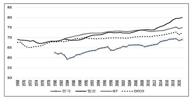 | ▲ 주요 선진국 15~64세 경제활동참가율 |
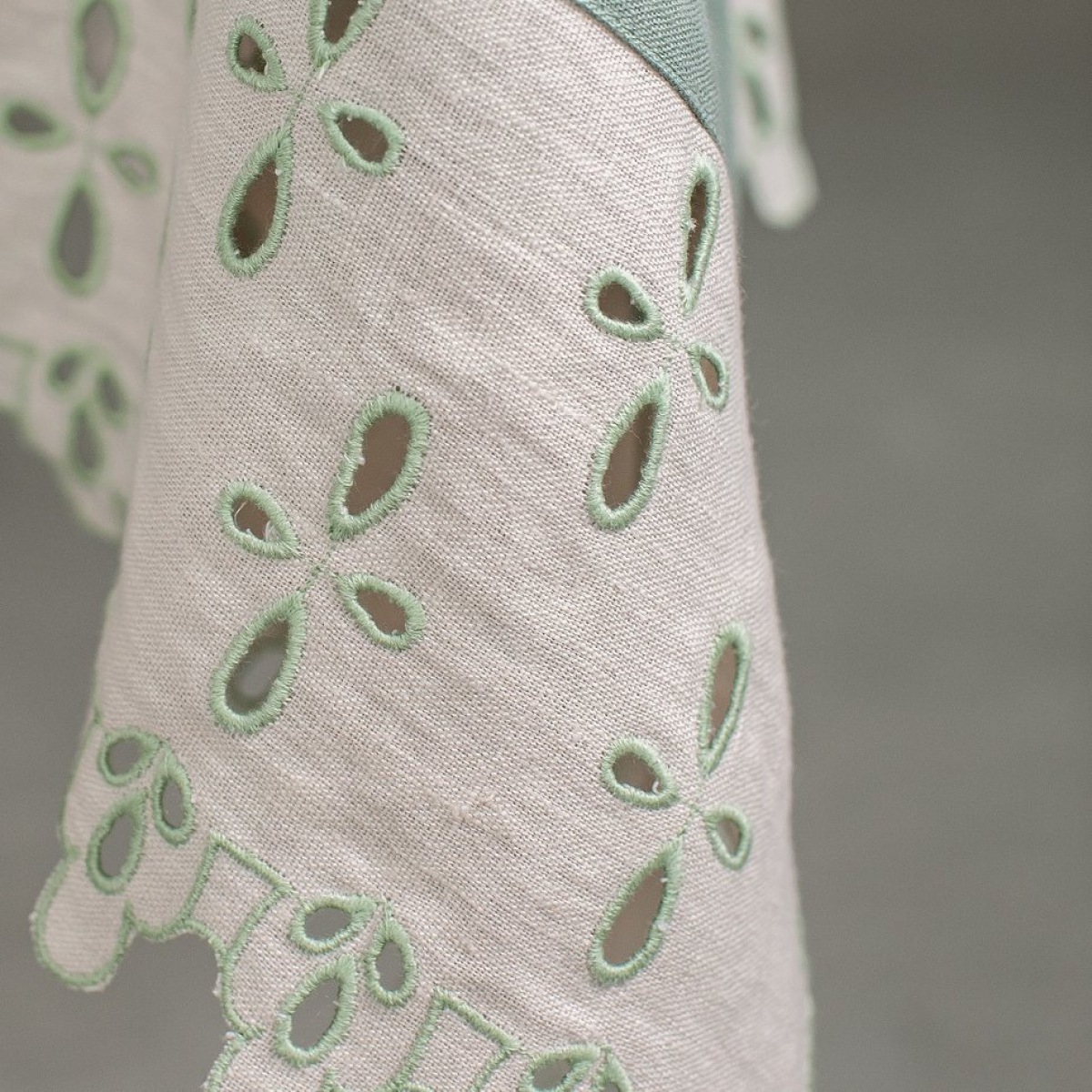 STIL - ergänzen Sie edel die Tischdecke mit den 100% Leinen Servietten & Tischsets (45 x 45 cm) in der Grundfarbe der Bordüre und Salbei Cut out Stickerei.
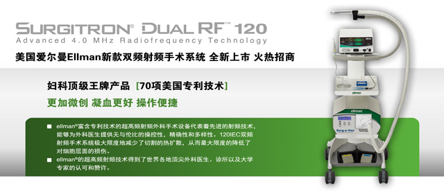 美國愛爾曼全新Ellman Surgitron Dual 120專注于婦科的應用,能夠在所有組織,包括薄壁組織,交融組織或者無張力組織中,像手術刀一樣操作進行無壓力切割,能夠實現操作多樣化、精確化;攜帶方便、免維護。顯著優(yōu)勢:全數字射頻能量調節(jié)更加精準;全球最先進的雙射頻頻率輸出:4.0Mhz/1.7Mhz切割更加微創(chuàng),凝血效果更加強勁;使用多功能操作手柄操作更加方便讓醫(yī)生得心應手。
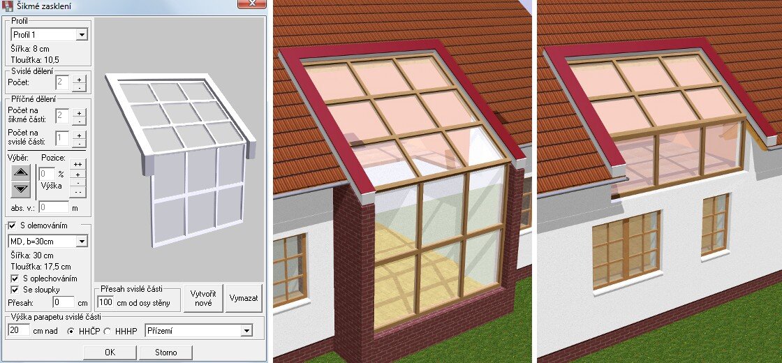 Parametrická tvorba zimních zahrad, okapů, členění ploch
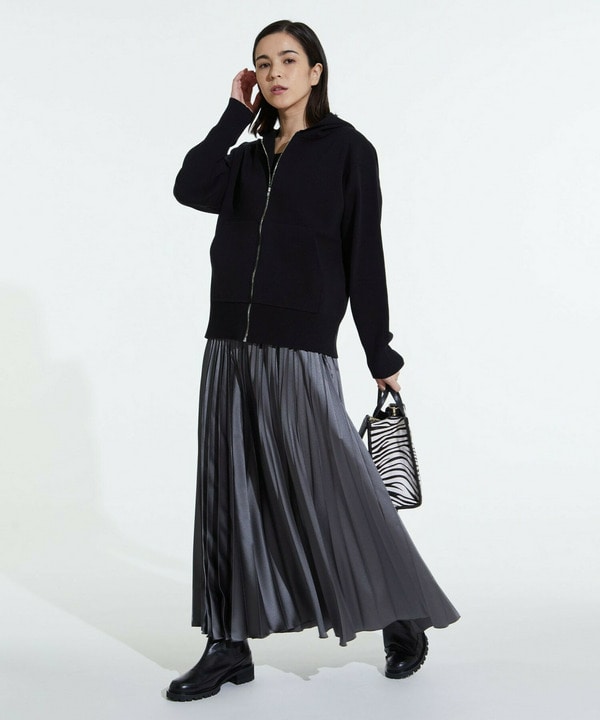 店頭でも一番人気のサテンのプリーツスカートを合わせています。

Problem details:
With the pictures left out, output exactly the lines that begin at the line containing "Parametrická tvorba zimních" and end at the last line of the material.

Solution:
 Parametrická tvorba zimních zahrad, okapů, členění ploch
 店頭でも一番人気のサテンのプリーツスカートを合わせています。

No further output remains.